KennethMOREFew actors in the post-war period could match the jovial, stiff-upper-lip, British geniality of Kenneth More who died on 12 July, 1982, aged 67.
An accomplished stage and film actor, Mr More was seemingly never off the cinema screen in the 1950s, nearly always portraying characters who were likeable, reliable and quintessentially English.
Yet he had a greater emotional range than many gave him credit for and turned in many strong performances in serious dramas such as the biopic of disabled pilot Douglas Bader – Reach for the Sky in 1956.
The film that made him a star was Genevieve (1953) and after his stardom waned in the 1960s he returned to the spotlight again in the television series, The Forsyte Saga.

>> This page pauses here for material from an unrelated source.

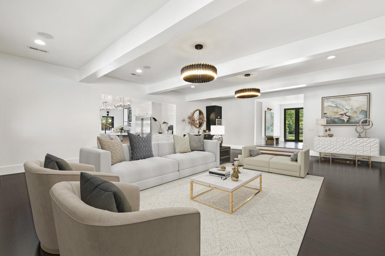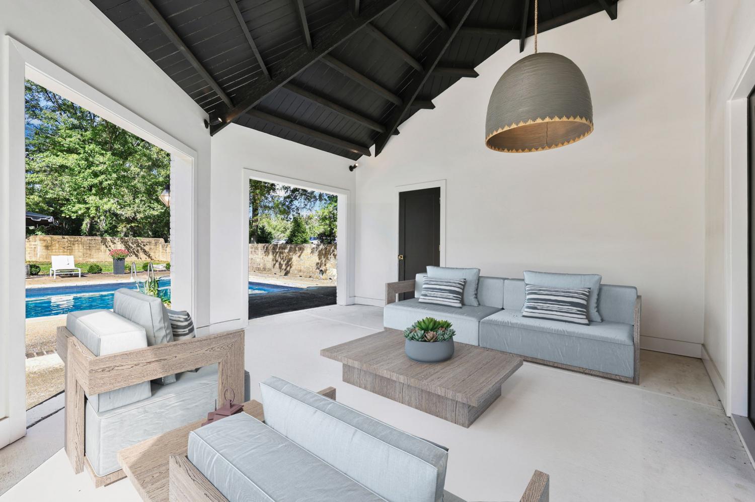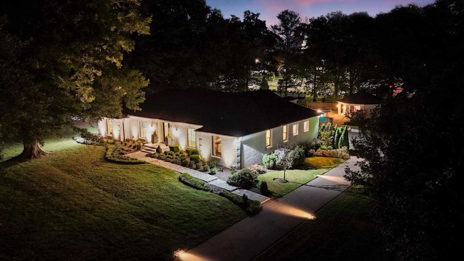A truly remarkable ONE LEVEL home on a gorgeous .94 acre lot with a pool and pool house that all lives and feels just like brand new construction. NEW roof, NEW HVAC with allergy guard filter system, NEW windows, NEW water heater, NEW outdoor lighting, NEW designer finishes throughout, and professionally organized by The Home Edit. Welcomed by a custom gated entry and flagstone walkway, step inside to true hardwood floors with a herringbone entryway, designer lighting throughout and windows that flood every single room with natural light. The chef's kitchen features double ovens, top of the line appliances, quartz countertops, inset cabinetry, two refrigerated drink drawers, 6 burner gas range, hidden KitchenAid retractable countertop, hidden coffee bar cabinet, and a custom glass door walk-in pantry of your dreams. A friend's entry is located just through the mudroom located conveniently right beside the kitchen. Entertain with ease with a surround sound system and full wet bar located right beside the spacious living room and kitchen which is equipped with a Scotsman ice maker, wine fridge, and sink. The home has the extra spaces you need featuring a true office with a custom quartz desktop for two with built-in cabinets all overlooking the beautiful front yard as well as a hobby room perfect for a workout room, play space, craft room, or storage room. The primary suite with vaulted ceilings is located on its own wing of the home with a spa bathroom and luxurious walk-in closet. End your day on the screened in porch with a gas fireplace all overlooking the backyard oasis. The stunning pool and pool house with a half bathroom and washer and dryer hookups are surrounded by professionally designed landscaping and lighting making it the perfect space to end your day or entertain your family and friends. Crawlspace is fully encapsulated and conditioned with brand new dehumidifier-2025. New pool house water heater-2025. New pool water filter-2025. Vol HOA.
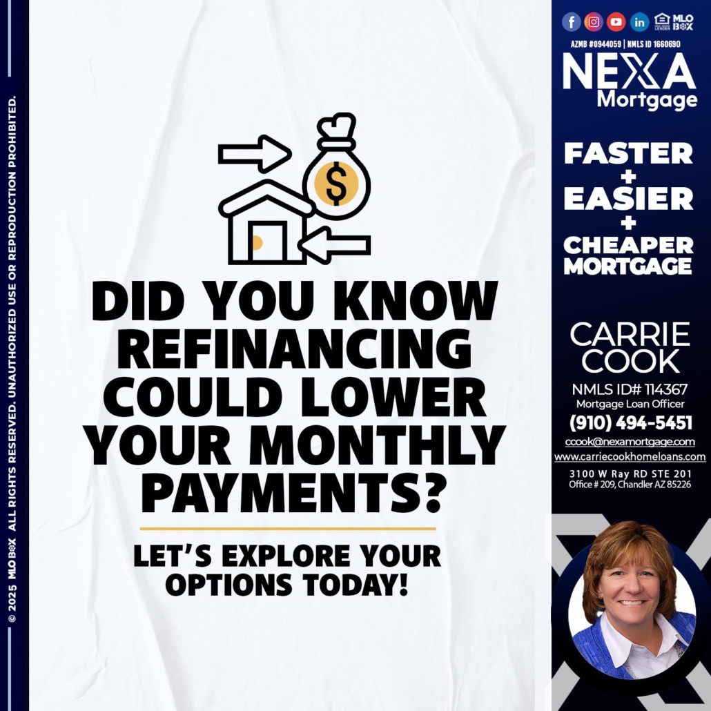 Hi, my name is Carrie Cook. I’m a Loan Officer with NEXA Mortgage LLC., offering personalized mortgage solutions, fast customized quotes, great rates and service with integrity.

Kenneth Gilbert More was born in Gerrards Cross, Buckinghamshire, on 20 September, 1914, into a comfortable middle-class family and was educated at Victoria College in Jersey .
He originally wanted to be a civil engineer but when his father died, leaving a legacy of debts, he was forced to search for more immediate employment. Drifting through an array of jobs he was even, for a short time, a Canadian fur trapper.
Eventually a family friend secured him a job as a stage-hand at the burlesque Windmill Theatre where, in between the performances of scantily clad women, Mr More began appearing in comedy sketches.
He served as a naval lieutenant in the Second World War and on his return began performing in regional repertory theatre and the West End where he built a reputation as a reliable leading man.
Though he played bit-parts in a brace of films in the 1930s, Mr More’s official screen debut was opposite John Mills as Lieutenant Teddy Evans in Scott of the Antarctic in 1948.
In 1953 he became a household name playing the happy-go-lucky Ambrose Claverhouse in Genevieve, a light British comedy about the London to Brighton car race. He played a similar role in Doctor in the House the following year.
Whilst he appeared in a steady stream of light comedies thereafter he turned in strong dramatic performances in Reach for the Sky (1956) and Sink the Bismarck ! (1960).
With the shift towards more working class dramas, there was less demand for Mr More’s breezy, genial middle class persona on stage and screen. He resurrected his career playing Jolyon Forsyte in the popular television series The Forsyte Saga in 1967.
Married three times – to actress Beryl Johnstone (1939-46), Bill Barkby (1958-68) and actress Angela Douglas (1968 until his death), he had two daughters – Susan and Sarah.
Known to have led a colourful personal life, many of his drinking exploits with hell-raisers Trevor Howard and Jack Hawkins made the newspaper headlines.
He was awarded a CBE in 1970 and was nominated for a BAFTA on four occasions, winning the best actor award for Doctor in the House in 1954. There is a theatre named after him in Ilford, Essex.
It is as the cheerfully reliable comic actor that Mr More will always be remembered. As he said himself: “As the game goes on and spectators invade the pitch, it is good to feel that some things and some people seem to stay just as they were.”